Examples include dimethylacetamide, toluene, ethyl acetate, methyl lactate, ethyl lactate, dimethyl sulfoxide, water and the like. These solvents are used alone or in combination of two or more.

As the radical polymerization initiator used for synthesizing the polymer used in the present invention, known compounds such as an azo initiator and a peroxide initiator can be used.

Next, novolaks will be described. The novolak resin preferably used in the present invention includes phenol novolak, o-, m-, p- various cresol novolaks, and copolymers thereof, novolaks using phenol substituted with a halogen atom, an alkyl group, and the like. Can be The weight average molecular weight of these novolak resins is preferably at least 1,000, more preferably 2,000.
And a number average molecular weight of preferably 100
0 or more, more preferably 2000 to 15000
Range. The polydispersity is preferably 1 or more, more preferably in the range of 1.1 to 10.

In a preferred embodiment, a polymer having a heterocyclic group having an unsaturated bond in the ring is used as the binder polymer. Here, the term "heterocycle" refers to a ring that contains one or more heteroatoms other than carbon among the atoms constituting the ring system. As the hetero atom to be used, a nitrogen atom, an oxygen atom, a sulfur atom, and a silicon atom are preferable. It is considered that by using such a polymer having a heterocyclic group, the function of the lawn pair present in the present heterocyclic ring facilitates a chemical structural reaction, and a film having good printing durability is formed.

The heterocyclic ring having an unsaturated bond in the ring (hereinafter, simply referred to as "heterocyclic ring") preferably used in the present invention is a 5-membered ring having two conjugated double bonds or a three-membered ring having two conjugated double bonds. 6-membered ring having a conjugated double bond, and a heterocycle obtained by condensing these heterocycles. Since these heterocycles have aromaticity, they are called aromatic heterocycles. further,
A particularly preferred heterocyclic ring is a heterocyclic ring in which an aromatic hydrocarbon ring such as a benzene ring or a naphthalene ring is further condensed to the above heterocyclic ring. As the heterocycle suitably used in the present invention, for example, pyrrole, furan, thiophene, oxazole, isoxazole, thiazole, isothiazole,
Monocyclic heterocycles such as imidazole, pyrazole, furazane, oxadiazole, pyridine, pyridazine, pyrimidine, pyrazine, triazine, and silabenzene, and indole, isoindole, benzofuran, benzothiophene, indolizine, quinoline, isoquinoline, purine,
Indazole, benzimidazole, benzothiazole, benzoxazole, quinazoline, cinnoline, quinoxaline, phthalazine, pteridine, carbazole,
Examples include fused heterocycles such as acridine, phenanthridine, xanthene, phenazine, and phenothiazine. These heterocycles may have a substituent. Preferred substituents include a hydrocarbon group having 20 or less carbon atoms and 2 carbon atoms.
Examples include 0 or less alkoxy groups, aryloxy groups having 20 or less carbon atoms, and halogen atoms.

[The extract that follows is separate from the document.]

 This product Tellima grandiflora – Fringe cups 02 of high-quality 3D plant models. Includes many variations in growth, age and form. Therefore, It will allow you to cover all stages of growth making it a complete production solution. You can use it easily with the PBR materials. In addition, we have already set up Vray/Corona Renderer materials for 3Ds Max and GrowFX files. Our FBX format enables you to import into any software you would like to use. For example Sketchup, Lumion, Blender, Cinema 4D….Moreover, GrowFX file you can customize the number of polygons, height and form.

In this polymer having a heterocyclic group,
The heterocyclic group may be introduced into the polymer as a component constituting the main chain of the polymer, but is preferably bonded to the side chain of the polymer in a pendant manner because the film strength of the image is high. . In this case, the heterocyclic group may be directly bonded to the polymer main chain, but it is more preferable that the heterocyclic group is bonded in a pendant manner via an appropriate connecting chain because the film strength of the image portion is also high. . Preferred linking chains include, for example, ester bonds, carboxylic acid amide bonds, sulfonic acid amide bonds, ether bonds, thioether bonds, and organic groups having 20 or less carbon atoms that may contain these bonds. it can. Examples of the polymer main chain include vinyl polymers, polyesters, and polyurethanes, which are main chains such as poly (meth) acrylate, polystyrene, and polyvinyl acetal. Is preferred.

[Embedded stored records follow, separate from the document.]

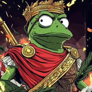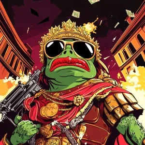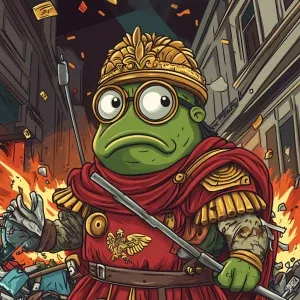 «Pepe the Frog in carton style dressed as an ancient Roman empero...»
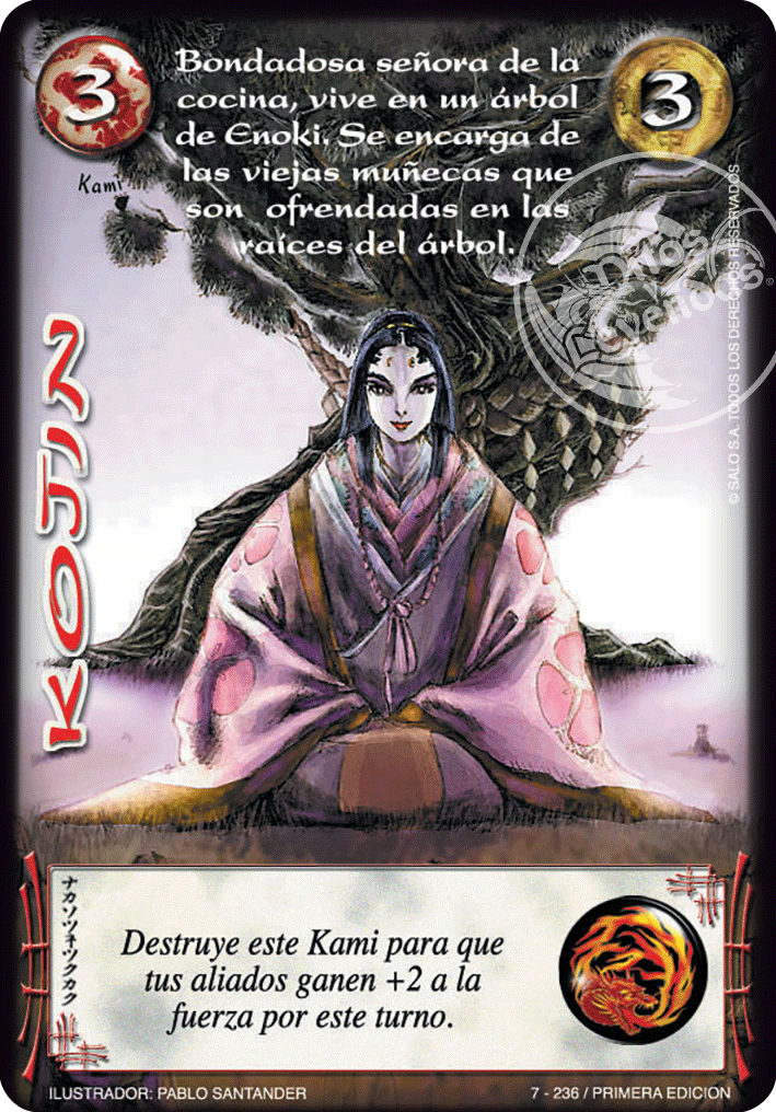 Habilidad: Destruye este Kami para que tus Aliados ganen +2 a la fuerza por este turno.
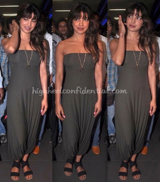 I am speechless and disappointed, because I like Priyanka. But this is an ugly jumpsuit, althouth she carries it well only because she is so thin. Did she really wear that while travelling…amazing. I like her new bangs, which when styled will probably suit her face.

The binder polymers used in the present invention described above may be used alone or as a mixture of two or more. These polymers are added at a ratio of 20 to 95% by weight, preferably 40 to 90% by weight based on the total solid content of the acid crosslinked layer. When the addition amount is less than 20% by weight, the strength of the image portion is insufficient when an image is formed. When the amount exceeds 95% by weight, no image is formed. The acid crosslinked layer is provided on the polarity conversion layer, but an intermediate layer may be provided between the two if desired.

It is preferable to use an infrared absorber in the polarity conversion layer and / or the acid crosslinked layer of the present invention in view of improving the light / heat conversion efficiency in a recording material capable of recording an image with a laser emitting infrared rays. That is, the infrared absorbent has a function of converting the absorbed infrared rays into heat, and the heat generated at this time decomposes the acid generator to generate an acid.
It promotes a thermal crosslinking function such as crosslinking reactivity and a polarity conversion function such as decarboxylation reactivity. Hereinafter, the polarity conversion layer and / or the acid cross-linked layer will be simply referred to as “recording layer” as appropriate. The infrared absorber used in the present invention is a dye or pigment that effectively absorbs infrared rays having a wavelength of 760 nm to 1200 nm. Preferably, the wavelength 760
It is a dye or pigment having an absorption maximum from nm to 1200 nm.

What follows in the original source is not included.